Click Parcel Repositories & Network Settings.
In the Remote Parcel Repository URLs section, click the + icon.
Enter the CDS3 parcel repository URL provided by Cloudera (See 2. CDP compatible CDS3 Parcels Details section)
Click Save & Verify Configuration. A message with the status of the verification appears above the Remote Parcel Repository URLs section. If the URL is not valid, check the URL and enter the correct URL.
After the URL is verified, click Close.
Locate the row in the table that contains the new Cloudera Runtime parcel i.e. SPARK3 and click the Download button.
After the SPARK3 parcel is downloaded, click the Distribute button to distribute the parcel to all the cluster nodes. Wait for the parcel to be distributed. Cloudera Manager displays the status of the Cloudera Runtime parcel distribution. By default, Spark3 parcel will be downloaded and distributed to /opt/cloudera/parcels/ location.
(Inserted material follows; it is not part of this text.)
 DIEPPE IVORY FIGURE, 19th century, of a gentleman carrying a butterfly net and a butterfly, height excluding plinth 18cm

After the SPARK3 parcel is distributed, click the Activate button to activate the parcel on all the cluster nodes.
When prompted, click on OK.
Now, you can see SPARK3 parcel Status is Distributed, Activated
A symbolic link named SPARK3 has now been created in the /opt/cloudera/parcels/ directory.
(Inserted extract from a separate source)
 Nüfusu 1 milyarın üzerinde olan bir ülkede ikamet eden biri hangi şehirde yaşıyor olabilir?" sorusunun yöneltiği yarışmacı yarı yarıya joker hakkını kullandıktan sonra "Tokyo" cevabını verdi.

Step 3. Add Spark3 Service
Navigate to Clusters -> [Your Cluster Name]. For example Cluster 1 -> Click on Actions or More Options (ellipsis icon), then click Add Service.
Select Spark 3, then click Continue.
Based on your requirements you can select any Optional Dependencies, such as Atlas, HBase, Kafka, Knox, or select No Optional Dependencies, then click Continue.
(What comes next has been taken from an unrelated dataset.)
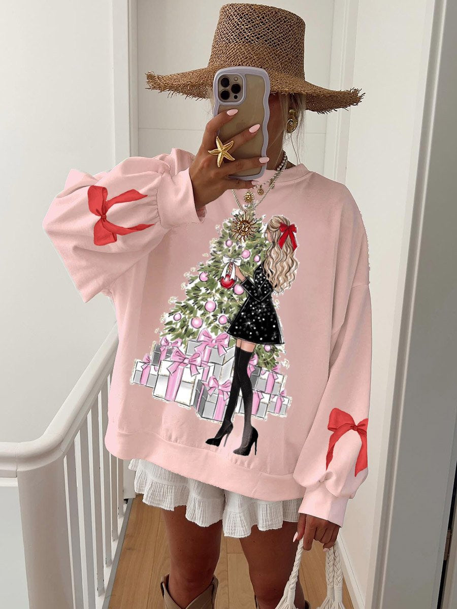 Women's Casual Christmas Tree Character Print Crewneck Sweatshirt

Select Assign Roles by selecting the host where the History Server is to be added. You can add a gateway role to every host.
Review Changes then click Continue.
On Command Details, select run options, confirm success, then click Continue.
On Summary, click Finish.
The Spark 3 service appears in the Cloudera Manager cluster components list. If Spark 3 was not started by the installation wizard, you can start the service by clicking Actions > Start in the Spark 3 service.
Click the stale configuration icon to launch the Stale Configuration wizard and restart the necessary services.
Restart all services with stale configurations.
Step 4. Verify Spark3 Installation
Navigate to Clusters -> [Your Cluster Name]. For example Cluster 1
Verify Spark 3 service from the list of services.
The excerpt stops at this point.